Opioid Epidemic in CT – Stemming the Tide” will take place on March 3, 2017, 8:30 to 11:00 a.m., at the CAS-CIAC Conference Center in Cheshire.  Registration deadline is February 24, 2017; the cost is $15.00

CAS officials are also calling for schools to show, “as soon as possible, and no later than the end of the school year,” videos about the crisis.

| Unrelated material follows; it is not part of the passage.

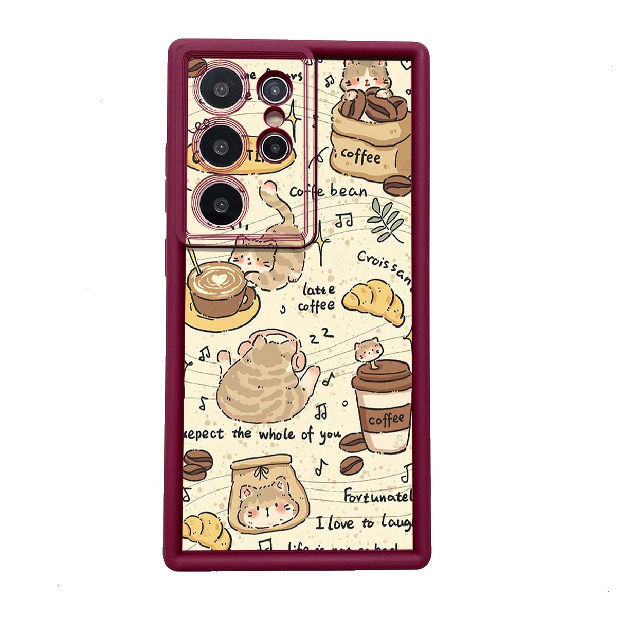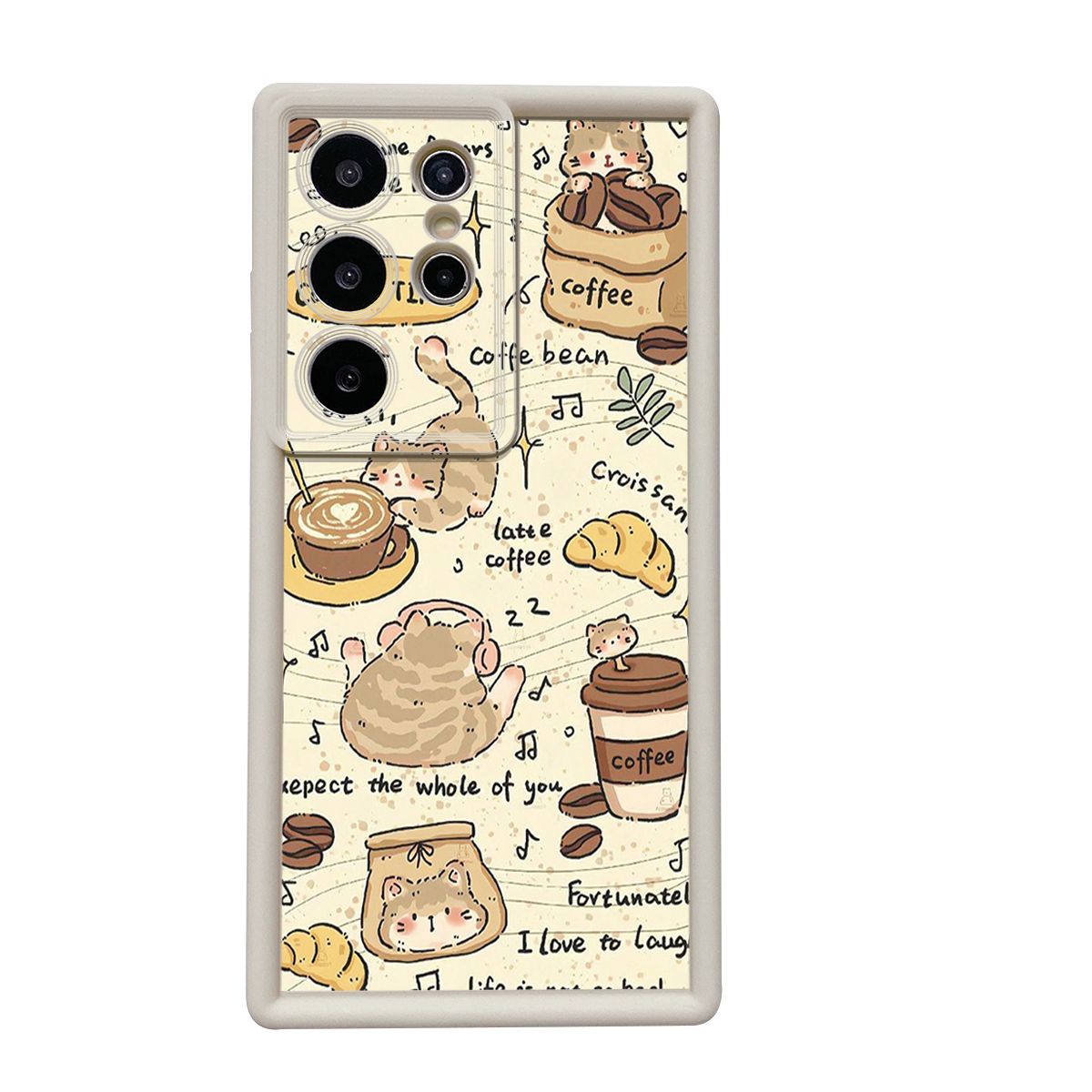 for Samsung Galaxy S24 S23 Ultra S22 Plus S21 FE S20 Cute Coffee Cat Full Protective Phone Case Anti Drop Cover

“Please ensure that every student in your high school sees at least one of the following two films,” the association urges:

  • 1) a 15-minute film called The Opioid Crisis Hits Home: Stories from Connecticut that can also be used to educate educators, parents and the general public about the opioid epidemic; and
  • 2) the FBI/DEA documentary film Chasing the Dragon: The Life of an Opiate Addict, which is 45-minutes long and accompanied by an educator’s discussion guide geared specifically to teens and adolescents.

Since last September, a number of Assistant U.S. Attorneys have partnered with parents of overdose victims, young recovering addicts, FBI, DEA, and local law enforcement to facilitate Chasing the Dragon presentations at high schools in Milford, New Haven, Danbury, Plymouth, Shelton, East Hartford and New Fairfield.

The films “are provided as a public service for the sole purpose of saving lives,” officials underscore. School officials can schedule an opioid awareness presentation by contacting  Assistant U.S. Attorneys Vanessa Avery or Robert Spector at 203-821-3700.

The Connecticut Association of Schools,  a non-profit, tax-exempt educational organization, has grown to represent well over 800 of Connecticut’s public and parochial schools.